— ACTIVITY —
Return each line of the records with nothing changed, pictures excepted.

____

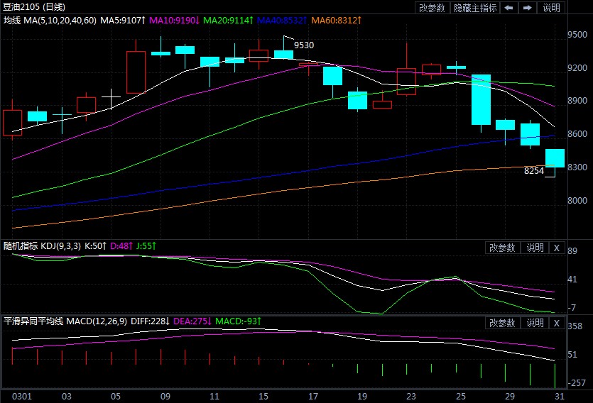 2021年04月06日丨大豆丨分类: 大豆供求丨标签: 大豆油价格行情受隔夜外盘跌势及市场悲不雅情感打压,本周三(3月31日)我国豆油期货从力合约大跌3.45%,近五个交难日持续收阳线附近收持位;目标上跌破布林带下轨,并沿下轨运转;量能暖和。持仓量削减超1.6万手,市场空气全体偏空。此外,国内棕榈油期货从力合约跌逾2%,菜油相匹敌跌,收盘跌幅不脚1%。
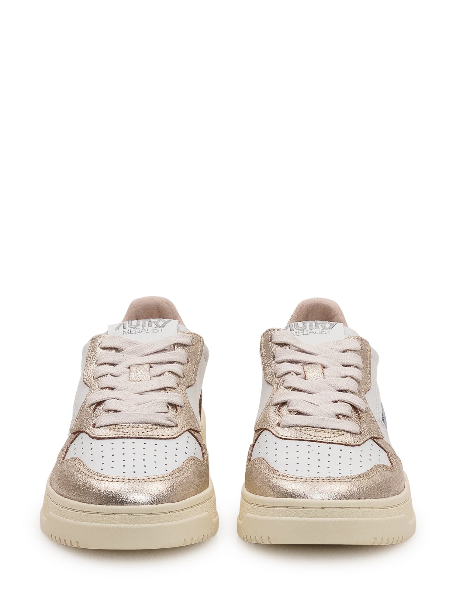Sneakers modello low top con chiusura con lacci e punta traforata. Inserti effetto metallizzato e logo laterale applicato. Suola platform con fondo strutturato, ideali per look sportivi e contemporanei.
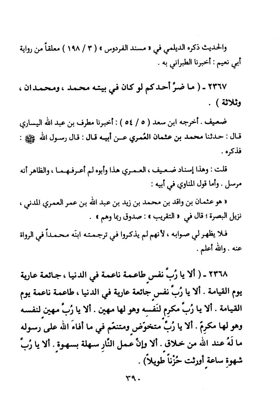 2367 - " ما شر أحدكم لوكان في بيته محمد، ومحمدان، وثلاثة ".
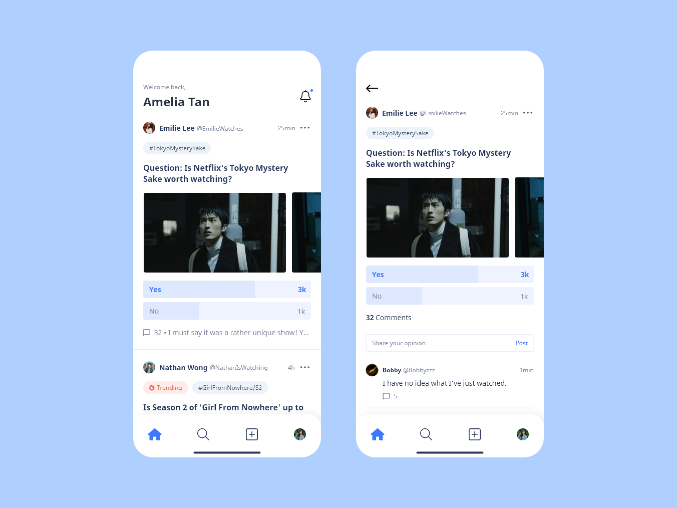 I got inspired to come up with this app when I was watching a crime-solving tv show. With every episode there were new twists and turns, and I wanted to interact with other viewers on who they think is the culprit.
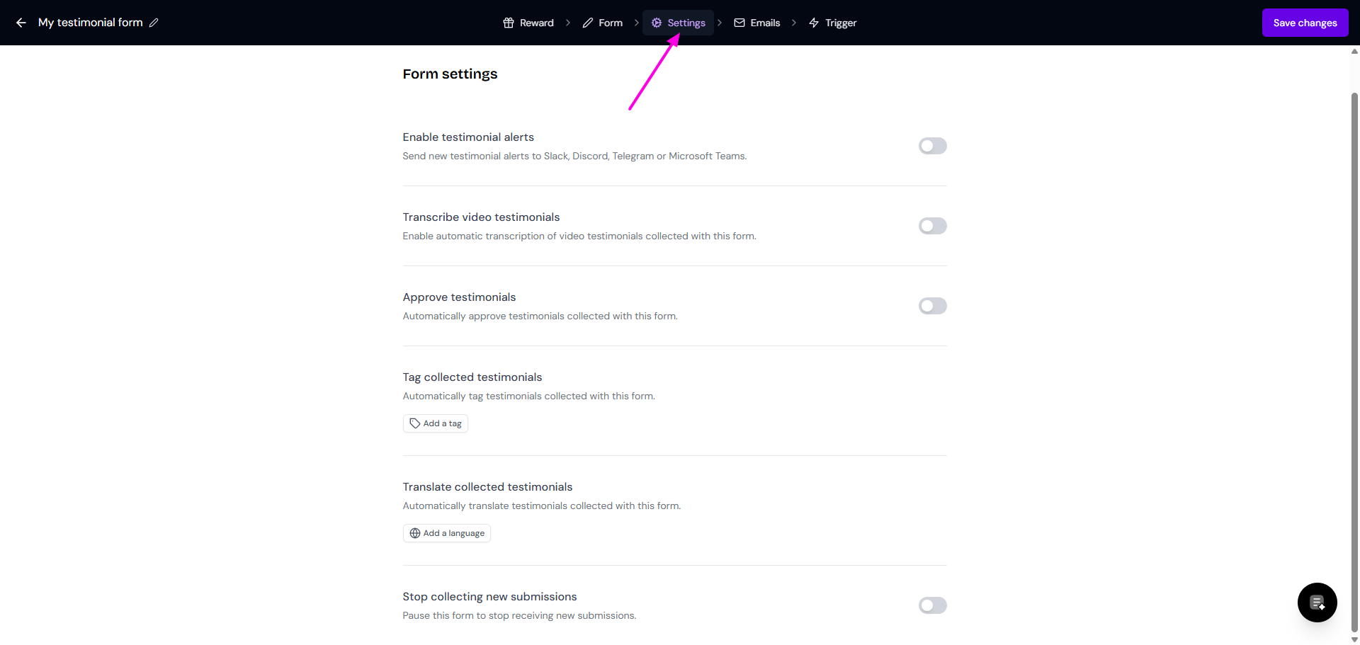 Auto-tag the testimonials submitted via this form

____

— OUTPUT FOR THIS TASK —
 2021年04月06日丨大豆丨分类: 大豆供求丨标签: 大豆油价格行情受隔夜外盘跌势及市场悲不雅情感打压,本周三(3月31日)我国豆油期货从力合约大跌3.45%,近五个交难日持续收阳线附近收持位;目标上跌破布林带下轨,并沿下轨运转;量能暖和。持仓量削减超1.6万手,市场空气全体偏空。此外,国内棕榈油期货从力合约跌逾2%,菜油相匹敌跌,收盘跌幅不脚1%。
Sneakers modello low top con chiusura con lacci e punta traforata. Inserti effetto metallizzato e logo laterale applicato. Suola platform con fondo strutturato, ideali per look sportivi e contemporanei.
 2367 - " ما شر أحدكم لوكان في بيته محمد، ومحمدان، وثلاثة ".
 I got inspired to come up with this app when I was watching a crime-solving tv show. With every episode there were new twists and turns, and I wanted to interact with other viewers on who they think is the culprit.
 Auto-tag the testimonials submitted via this form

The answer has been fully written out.